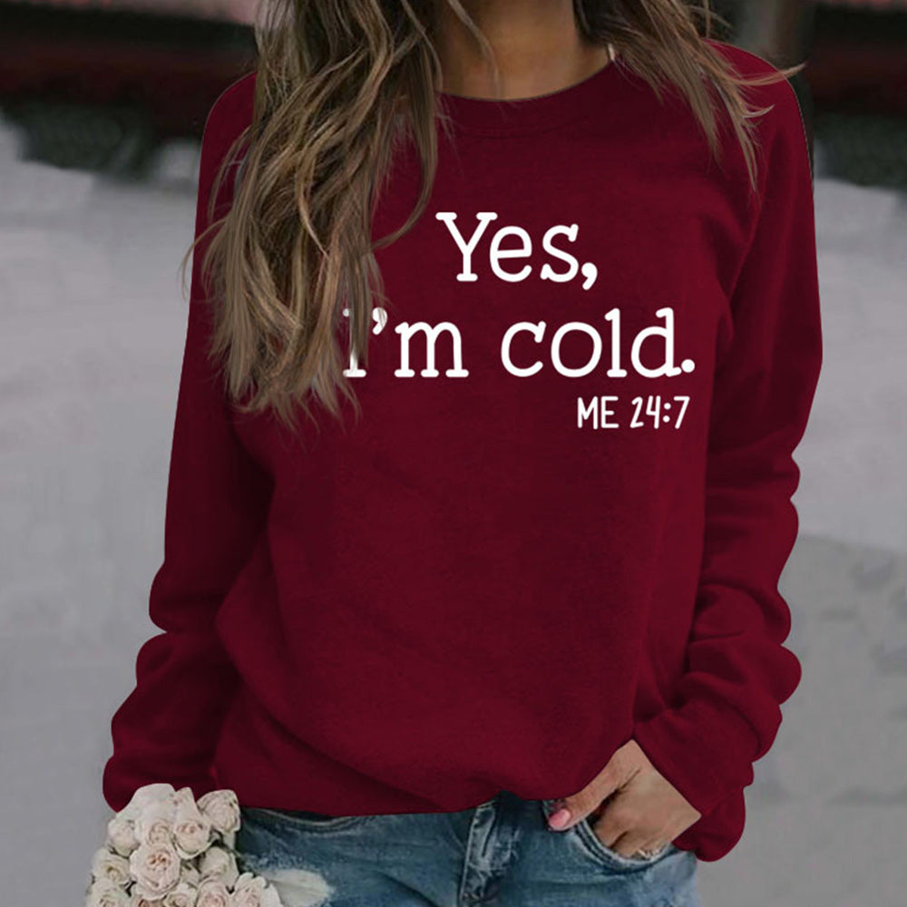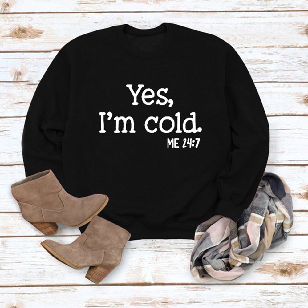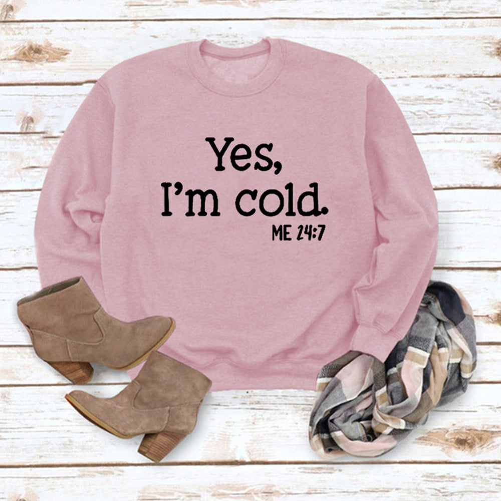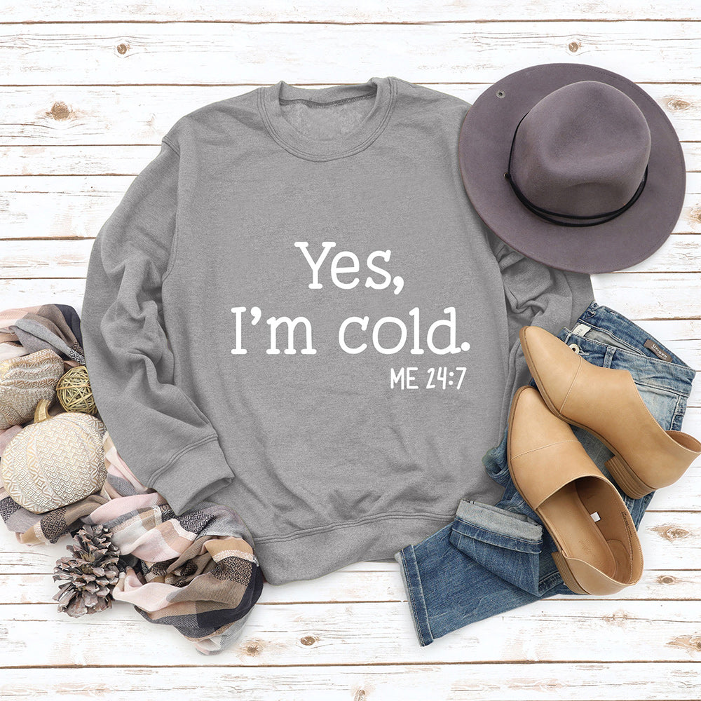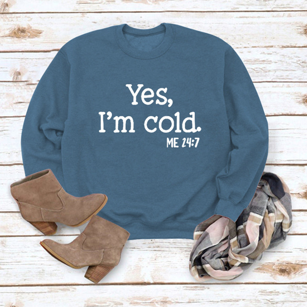 Lässiges, lockeres Damen-Sweatshirt mit Aufdruck „Yes I'm Cold“ für Herbst und Winter
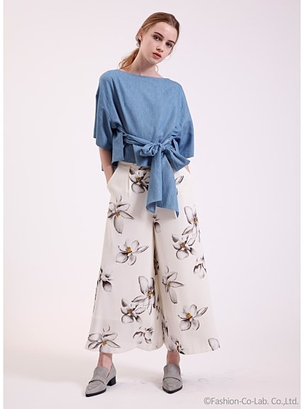 ウエストで結んだ大胆なリボンが目を惹くトップス。
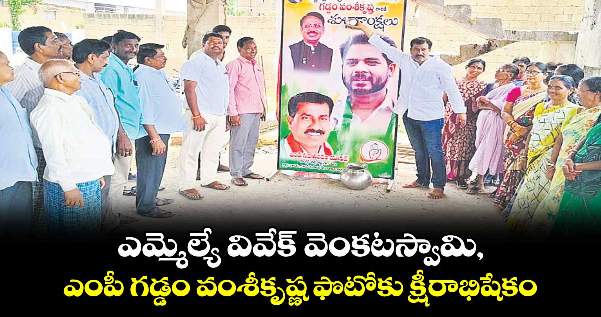 కోల్బెల్ట్, వెలుగు : మందమర్రి మున్సిపాలిటీ పరిధిలోని 23 వార్డు మారుతీనగర్లో తాగునీరు, కరెంట్ సౌలత్లు కల్పించేందుకు ఎమ్మెల్యే వివేక్ వెంకటస్వామి, ఎంపీ గడ్డం వంశీకృష్ణ చొరవచూపారని వారి ఫొటోలకు కాలనీవాసులు క్షీరాభిషేకం చేశారు. సోమవారం కాంగ్రెస్ సీనియర్ లీడర్, అఖిలభారత యాదవ సంఘం జిల్లా ప్రెసిడెంట్ బండి సదానందం యాదవ్ ఆధ్వర్యంలో కాలనీ వాసులు ఈ కార్యక్రమం చేపట్టారు. ఈ సందర్భంగా వారు మాట్లాడుతూ..

Directions for this task =>
Repeat all the data as it stands, dropping any images it holds.

Answer for this exercise =>
 Lässiges, lockeres Damen-Sweatshirt mit Aufdruck „Yes I'm Cold“ für Herbst und Winter
 ウエストで結んだ大胆なリボンが目を惹くトップス。
 కోల్బెల్ట్, వెలుగు : మందమర్రి మున్సిపాలిటీ పరిధిలోని 23 వార్డు మారుతీనగర్లో తాగునీరు, కరెంట్ సౌలత్లు కల్పించేందుకు ఎమ్మెల్యే వివేక్ వెంకటస్వామి, ఎంపీ గడ్డం వంశీకృష్ణ చొరవచూపారని వారి ఫొటోలకు కాలనీవాసులు క్షీరాభిషేకం చేశారు. సోమవారం కాంగ్రెస్ సీనియర్ లీడర్, అఖిలభారత యాదవ సంఘం జిల్లా ప్రెసిడెంట్ బండి సదానందం యాదవ్ ఆధ్వర్యంలో కాలనీ వాసులు ఈ కార్యక్రమం చేపట్టారు. ఈ సందర్భంగా వారు మాట్లాడుతూ..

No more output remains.